Climate editor Justin Rowlatt put together the BBC's "Wild Weather" program, which is loaded with disinformation about so-called man-made climate change, which is largely a hoax.
One of the false claims made in the film suggests that deaths worldwide have been increasing due to "extreme weather." It turns out that the opposite is actually true.
Another lie claims that Madagascar was on the verge of suffering through a famine supposedly caused by global warming. There were actually many other factors involved with the Madagascar situation that were completely ignored by Rowlatt.
The program aired last November in conjunction with the COP26 climate conference. It immediately sparked two complaints that were investigated by the BBC's Editorial Complaints Unit (ECU).
The ECU later determined that "Wild Weather" made a false claim by including a bit about how "the death toll is rising around the world and the forecast is that worse is to come."
This claim, the ECU said, risked giving the false impression that the rate of deaths from extreme weather-related events is on the rise, which is untrue. (Related: Remember when the mainstream media published climate lies about polar bears and hockey sticks?)
World Meteorological Organisation data does show that floods, storms, droughts and other natural disasters have risen over the past 50 years.

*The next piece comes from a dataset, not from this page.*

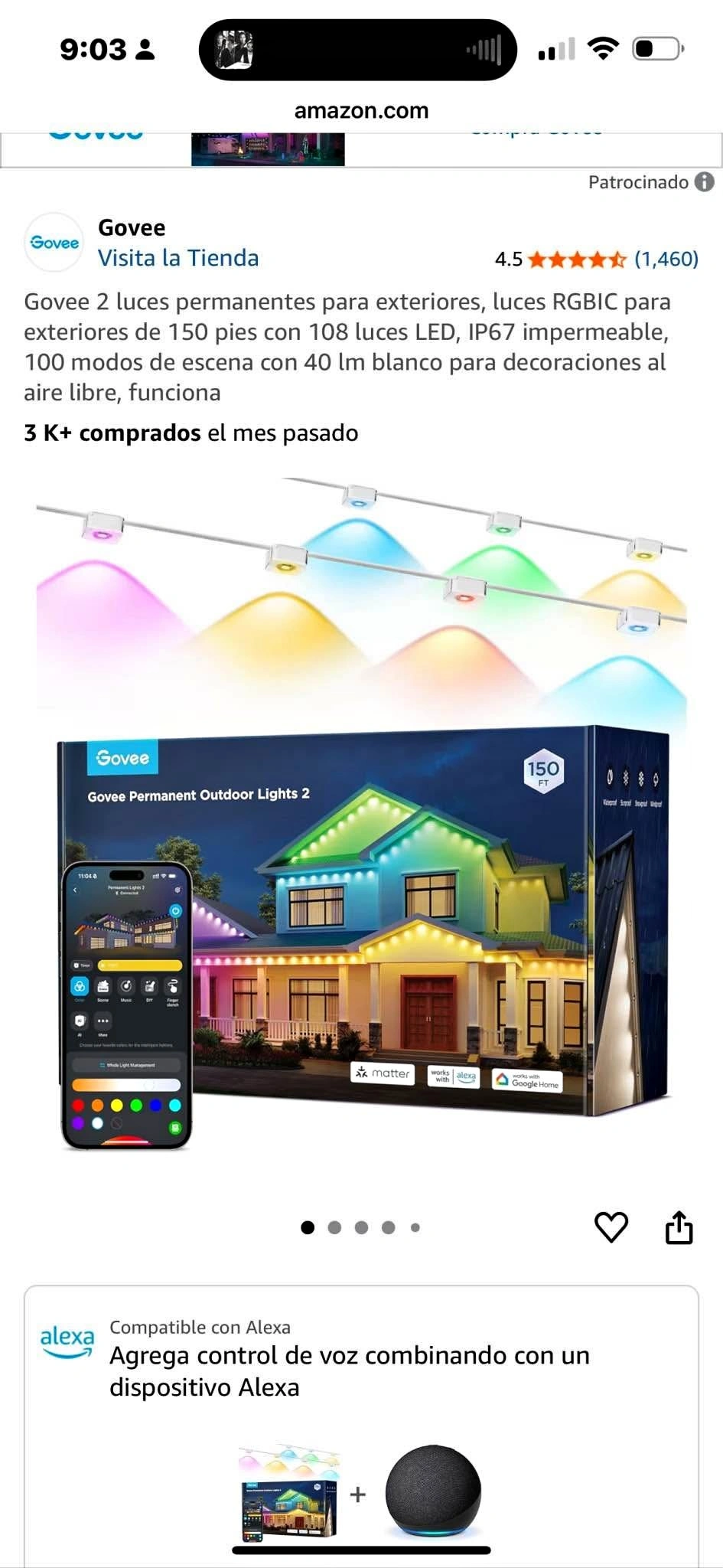 10Govee 2 luces permanentes para exteriores, luces RGBIC para exteriores de 150 pies con 108 luces LED, IP67 impermeable, 100 modos de escena con 40 lm blanco para decoraciones al aire libre.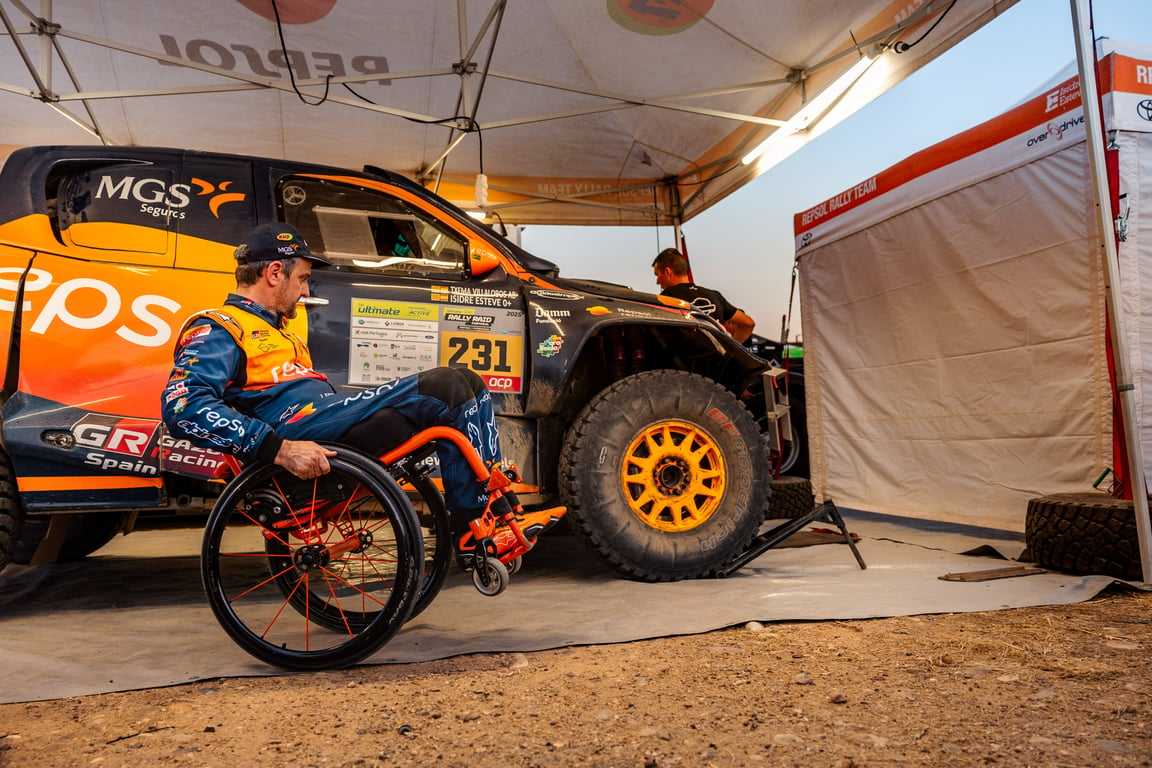 Por fortuna, llevaban los recambios necesarios en su pick-up y Txema Villalobos, haciendo gala de su condición de excelente mecánico, ha podido reparar el coche en poco menos de una hora. Con todo, Isidre Esteve ha podido seguir adelante, aunque en condiciones muy delicadas, sin frenos traseros, pero manteniendo el ritmo competitivo y sin cometer errores hasta cruzar la meta en Villafranca de los Barros (Badajoz) en la 31ª posición en la categoría Ultimate. En la general, conserva el 27º puesto. Una muestra más de su capacidad de superación.

The number of deaths caused by them, however, has decreased due to improved early warnings and disaster management protocols.
BBC responded saying it "accepted the wording in the programme was not as clear as it should have been and a public acknowledgement was put on the BBC's Corrections and Clarifications website before the complaint reached the ECU.
The ECU then responded by saying that this was appropriate, but that "an oversight meant the programme was still available on BBC iPlayer without a link or reference to the published correction, and for that reason the complaint was upheld."
Concerning the Madagascar complaint, the ECU confirmed that the country has suffered lower-than-average seasonal rainfall in recent years, but that climate change is only one factor among many contributing to the famine.
The ECU also noted that Rowlatt's language mirrored that of the United Nations' World Food Programme.
"The statement that Madagascar was on the brink of the world's first climate-induced famine was presented without qualification, whereas other evidence available prior to broadcast suggested there were additional factors which made a significant contribution to the shortage of food," the ECU added.
"The complaint was therefore upheld."
In the comment section at Watts Up With That, someone noted that the statement about weather-related events increasing over the past 50 years should have included the word recorded weather events.
The further you go back in time, the less available data there is about such things because the weather simply was not recorded the same way it is today.
"The problem is that the documentation of all types of disasters in the 1970s was far patchier than it is today, when anyone with a cellphone can immediately share news of a storm or flood from halfway around the world," says Bjorn Lomborg.
"That's why the disaster database's own experts explicitly warn amateurs not to conclude that an increase in registered disasters equates to more disasters. Reaching such a conclusion 'would be incorrect' because the increase really just shows improvements in recording."
Another commenter wrote that BBC needs to be taken to court because of "how damaging their lies are."